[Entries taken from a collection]
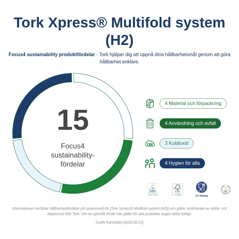 ● Tork Xpress® Multifold har ett genomsnittligt koldioxidavtryck (cradle-to-grave) på 11,7 g CO2e per användning, där cradle-to-gate delen står för 8,0 g CO2e per användning.**
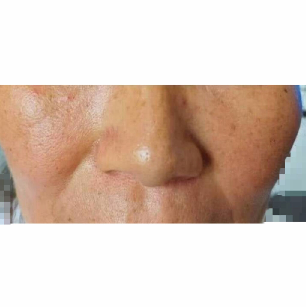酒さは治らないと赤みだけでなく、進行すればニキビのような丘疹や膿疱も混じってできることもあります。丘疹が増えると腫瘤状(できもの様)になり、特に鼻は凸凹に盛り上がります。
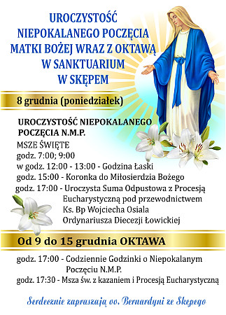 wraz z oktawą w sanktuarium w Skępem.Msze św. 8 grudnia zostaną odprawione o godz. 7.00
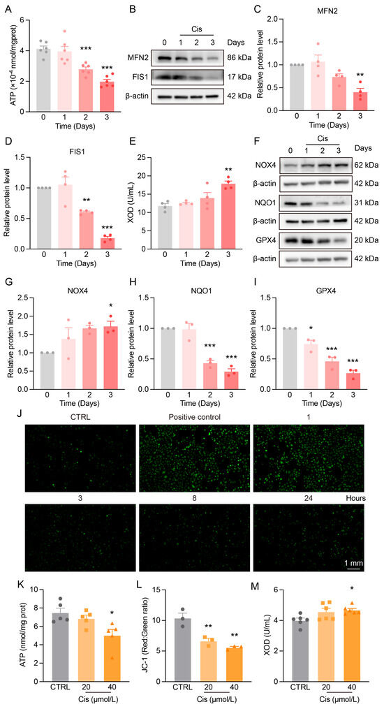 Cis-AKI mice and HK-2 cells exhibit mitochondrial dynamic imbalance and redox homeostasis disruption. (A) Changes in ATP levels in the renal cortex of Cis-AKI mice. n = 6. (B) Representative Western blot of fusion and fission proteins MFN2 and FIS1 in mouse kidneys. (C,D) Relative protein expression levels of MFN2 and FIS1 in mouse kidneys. n = 4. (E) Changes in serum XOD levels in Cis-AKI mice. n = 4. (F) Representative Western blot of antioxidant and oxidase enzymes NOX4, NQO1, and GPX4 in mouse kidneys. (G–I) Relative protein expression levels of NOX4, NQO1, and GPX4 in mouse kidneys. n = 3. Data are presented as means ± SEM. * p < 0.05, ** p < 0.01 and *** p < 0.001 vs. day 0. (J) ROS staining (green) in HK-2 cells after treatment with 40 μmol/L cisplatin for different time periods, scale bar = 1 mm. (K) Intracellular ATP levels in HK-2 cells after 24-hour treatment with varying concentrations of cisplatin. n = 5. (L) Ratio of JC-1 aggregates to JC-1 monomers in HK-2 cells after 24-hour treatment with different concentrations of cisplatin. n = 3. (M) XOD levels in HK-2 cells following 24-hour exposure to various concentrations of cisplatin. n = 6. Data are presented as means ± SEM. * p < 0.05 and ** p < 0.01 vs. CTRL.
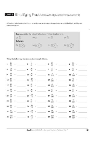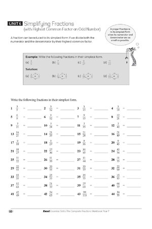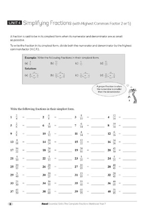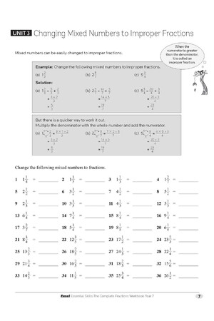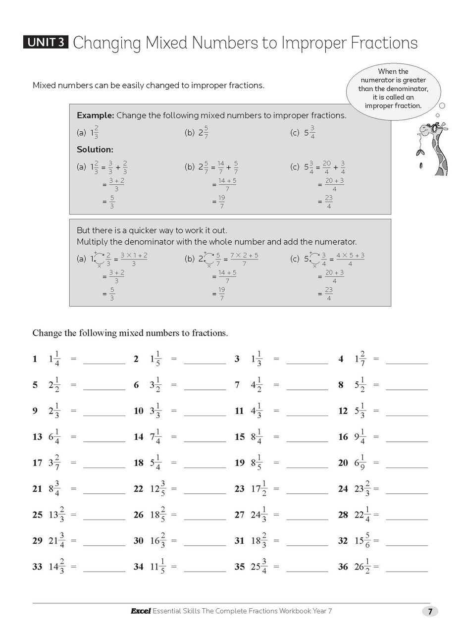 In Excel Complete Fractions Workbook Year 7 you will find:
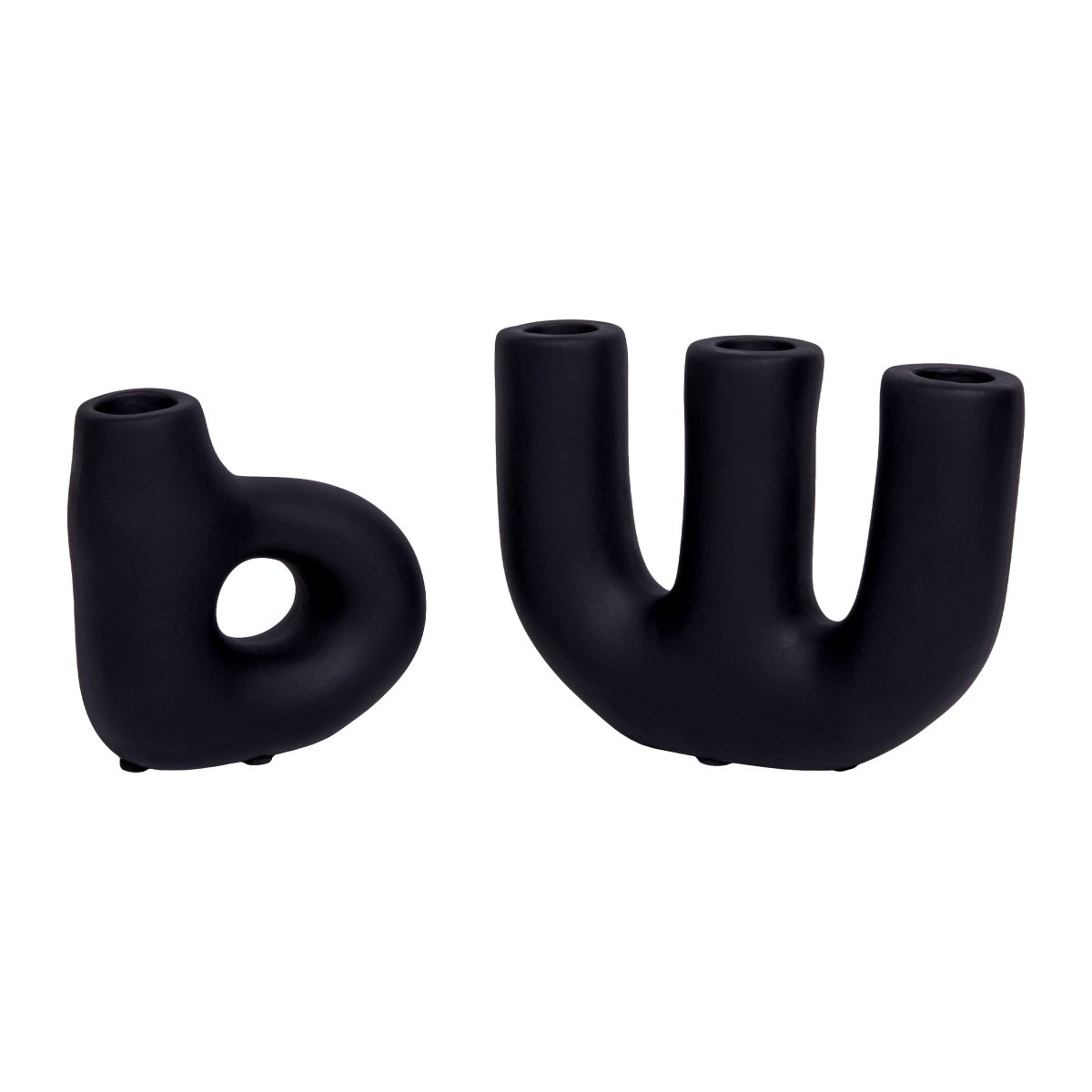 QUVIO Kaarsenhouder zwart – Organische vorm – Keramiek – Zwart

● **HOW TO COMPLETE THIS TASK**:
Please reproduce the records above exactly, leaving out every picture.

● **FINAL ANSWER**:
 ● Tork Xpress® Multifold har ett genomsnittligt koldioxidavtryck (cradle-to-grave) på 11,7 g CO2e per användning, där cradle-to-gate delen står för 8,0 g CO2e per användning.**
酒さは治らないと赤みだけでなく、進行すればニキビのような丘疹や膿疱も混じってできることもあります。丘疹が増えると腫瘤状(できもの様)になり、特に鼻は凸凹に盛り上がります。
 wraz z oktawą w sanktuarium w Skępem.Msze św. 8 grudnia zostaną odprawione o godz. 7.00
 Cis-AKI mice and HK-2 cells exhibit mitochondrial dynamic imbalance and redox homeostasis disruption. (A) Changes in ATP levels in the renal cortex of Cis-AKI mice. n = 6. (B) Representative Western blot of fusion and fission proteins MFN2 and FIS1 in mouse kidneys. (C,D) Relative protein expression levels of MFN2 and FIS1 in mouse kidneys. n = 4. (E) Changes in serum XOD levels in Cis-AKI mice. n = 4. (F) Representative Western blot of antioxidant and oxidase enzymes NOX4, NQO1, and GPX4 in mouse kidneys. (G–I) Relative protein expression levels of NOX4, NQO1, and GPX4 in mouse kidneys. n = 3. Data are presented as means ± SEM. * p < 0.05, ** p < 0.01 and *** p < 0.001 vs. day 0. (J) ROS staining (green) in HK-2 cells after treatment with 40 μmol/L cisplatin for different time periods, scale bar = 1 mm. (K) Intracellular ATP levels in HK-2 cells after 24-hour treatment with varying concentrations of cisplatin. n = 5. (L) Ratio of JC-1 aggregates to JC-1 monomers in HK-2 cells after 24-hour treatment with different concentrations of cisplatin. n = 3. (M) XOD levels in HK-2 cells following 24-hour exposure to various concentrations of cisplatin. n = 6. Data are presented as means ± SEM. * p < 0.05 and ** p < 0.01 vs. CTRL.
 In Excel Complete Fractions Workbook Year 7 you will find:
 QUVIO Kaarsenhouder zwart – Organische vorm – Keramiek – Zwart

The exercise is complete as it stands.